Según lo más arriba razonado, el reinado de Don Juan Carlos es probablemente la más importante de las claves históricas que permiten descifrar la gigantesca masa de hechos de las últimas décadas y determinar las causas de los éxitos enumerados. Sentada esta premisa, no resultaría difícil establecer el enlace entre el concepto de reinado y el de monarquía parlamentaria, que obviamente constituye su matriz.

Sin embargo, en este punto resulta necesario hacer una precisión. Cuando empezó la Transición, el recuerdo de la monarquía parlamentaria se había evaporado casi por completo, porque sus últimas noticias databan de 1923. Esa laguna en la memoria histórica hizo que muchos no fueran capaces de ver la institución monárquica a través de la persona que la encarnaba. Así, a medida que el reinado de Don Juan Carlos iba arrojando resultados cada vez más positivos, creció también el número de los que decían ser juancarlistas pero no monárquicos. ¿Qué les impedía dar el paso de lo transitorio a lo permanente? Para algunos, la monarquía aparecía demasiado teñida del arcaísmo propio de las causas románticas y poco racionales. Una de las mejores cabezas de nuestro siglo XX, Jaime Guasp, contestaba a esa objeción con el siguiente argumento: «La monarquía es una institución clásica. El romanticismo empezó siendo cosa de poetas que llevaban el pelo largo. Hoy son los políticos los que llevan el pelo largo».

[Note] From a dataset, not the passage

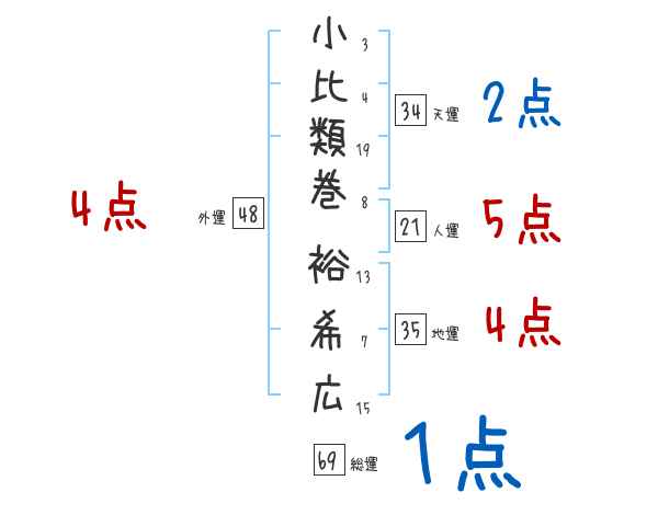 小比類巻裕希広さんの画数の鑑定結果

Las cosas han cambiado desde los primeros tiempos de la Transición. Tras treinta y seis años de reinado de Don Juan Carlos y diez legislaturas de las Cortes Generales, todos nos hemos familiarizado con la monarquía parlamentaria. Es indudable que el reinado pasará a la historia como un paradigma en su género, como en su género y época lo fueron los reinados de Felipe II y Carlos III. Pero además —y este es uno de los principales logros de Don Juan Carlos— su reinado dejará delicadamente impresos sobre la realidad social española los perfiles de esa gran institución clásica que es la monarquía parlamentaria.

Por Leopoldo Calvo-Sotelo Ibáñez-Martín.